* Work to complete
Return only the lines from the start of the records through the line that contains "PETEY PENGUIN at", inclusive; leave out all pictures.

━━━ Information supplied ━━━

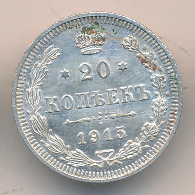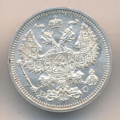 Лицевая сторона — гербовый орел, оборотная —обозначение номинала (20 копеекъ), окруженное венком из лавровой и дубовой ветвей и дата.
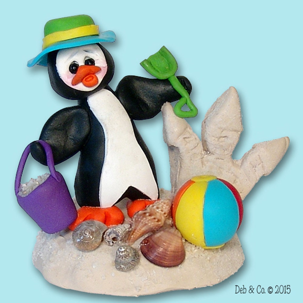 PETEY PENGUIN at The Beach Personalized Vacation Figurine Handmade Polymer Clay - Limited Edition
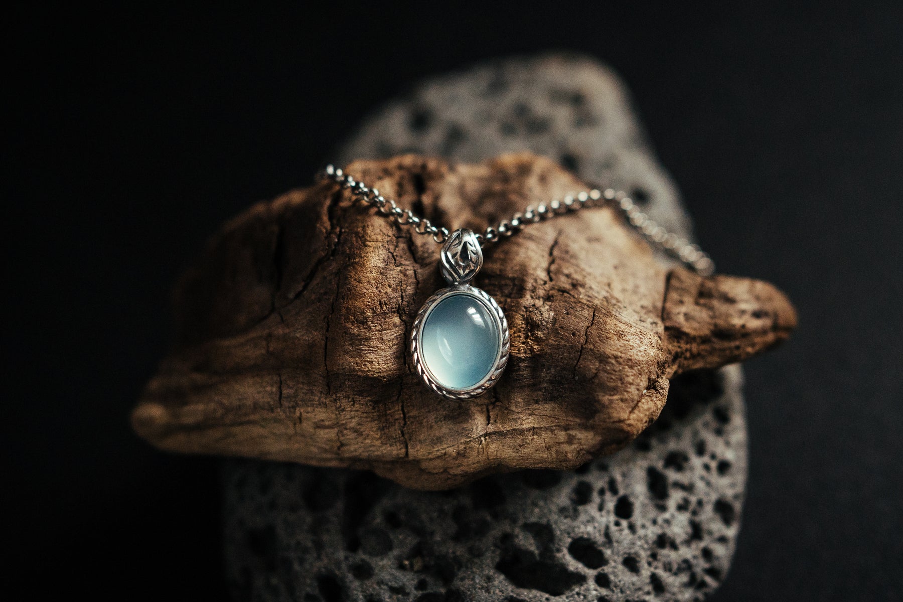 Der Anhänger besteht aus 925er Silber und natürlichem Wasserachat.
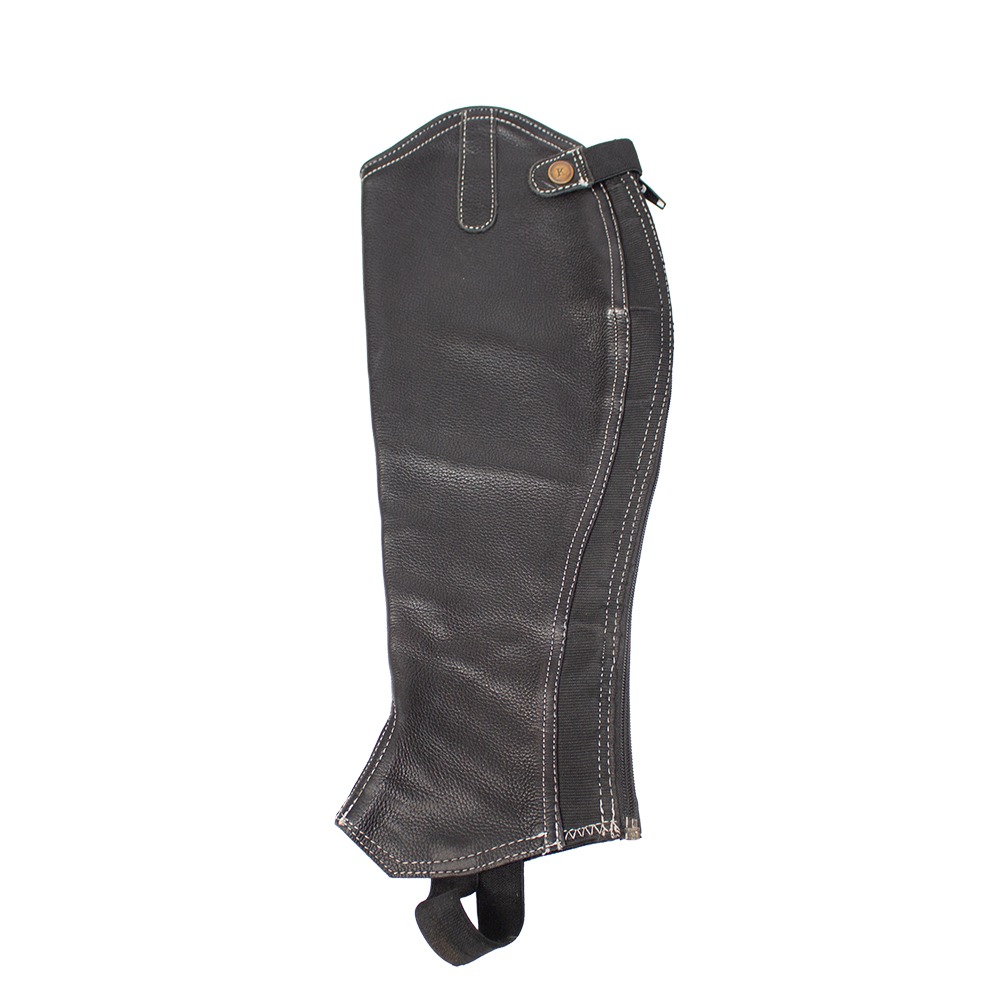 Die Chaps von Kavalkade haben einen Reißverschluss und sind schwarz. Sie haben einen elastischen Sohlenriemen. Sie sind 49 cm hoch und 41 cm weit. Die Chaps haben leichte Gebrauchsspuren.
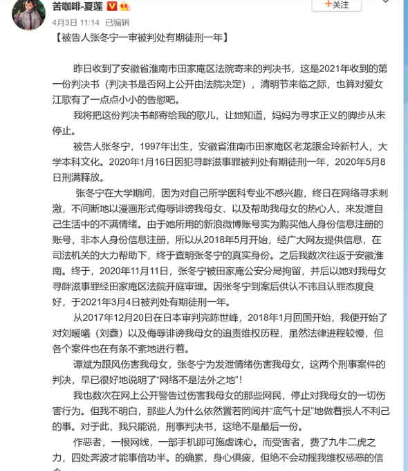 2019年5月从日本回国就被抓的安徽淮南女漫画师张冬宁被以寻衅滋事罪,判刑1年,于2020年5月8日第一次刑满出狱。但当年11月11日她再度被抓,前不久再次以寻衅滋事罪被判1年,刑期至2021年11月10日。张冬宁第一次被抓原因是辱习、辱华,第二次被抓看起来与她就江歌案的发言有关。
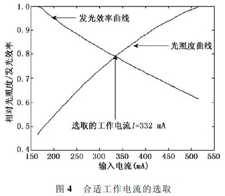 綜合考慮上述兩種情況,即兼顧光照度以及發光效率,選取合適的驅動電流I,從而使LED 照明光源同時滿足足夠的亮度和相當高的發光效率。方法如下,橫坐標依舊選擇輸入電流值,而縱軸分別進行歸一化處理,作出兩條曲線,而曲線的交點對應的電流值即為所要選取的合適工作電流值,此處I = 332mA,如圖4 所示。
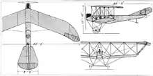 The fuselage was flat sided and rectangular in section, with the engine exposed in the nose and the passenger/observer's cockpit immediately behind it. In some engine installations the radiator was mounted along the fuselage side, with this cockpit between them. The pilot's cockpit, fitted like the passenger's with a celluloid windscreen, was much further aft at about mid-fuselage with the main fuel tank between them. Because the LFG had a very broad chord, low aspect ratio horizontal tail of the sort known at the time as "Taube type", he sat not far in front of its leading edge. The tailplane carried an undivided elevator. There was a triangular fin and a high, rounded and balanced rudder. The Arrow had a fixed, conventional undercarriage with V-form struts, their leading members bent round into short skids laterally connected by a rod to which the wheels, on their single axle, were joined via rubber shock absorbers.[6][7]

━━━

* Output for this task
 Лицевая сторона — гербовый орел, оборотная —обозначение номинала (20 копеекъ), окруженное венком из лавровой и дубовой ветвей и дата.
 PETEY PENGUIN at The Beach Personalized Vacation Figurine Handmade Polymer Clay - Limited Edition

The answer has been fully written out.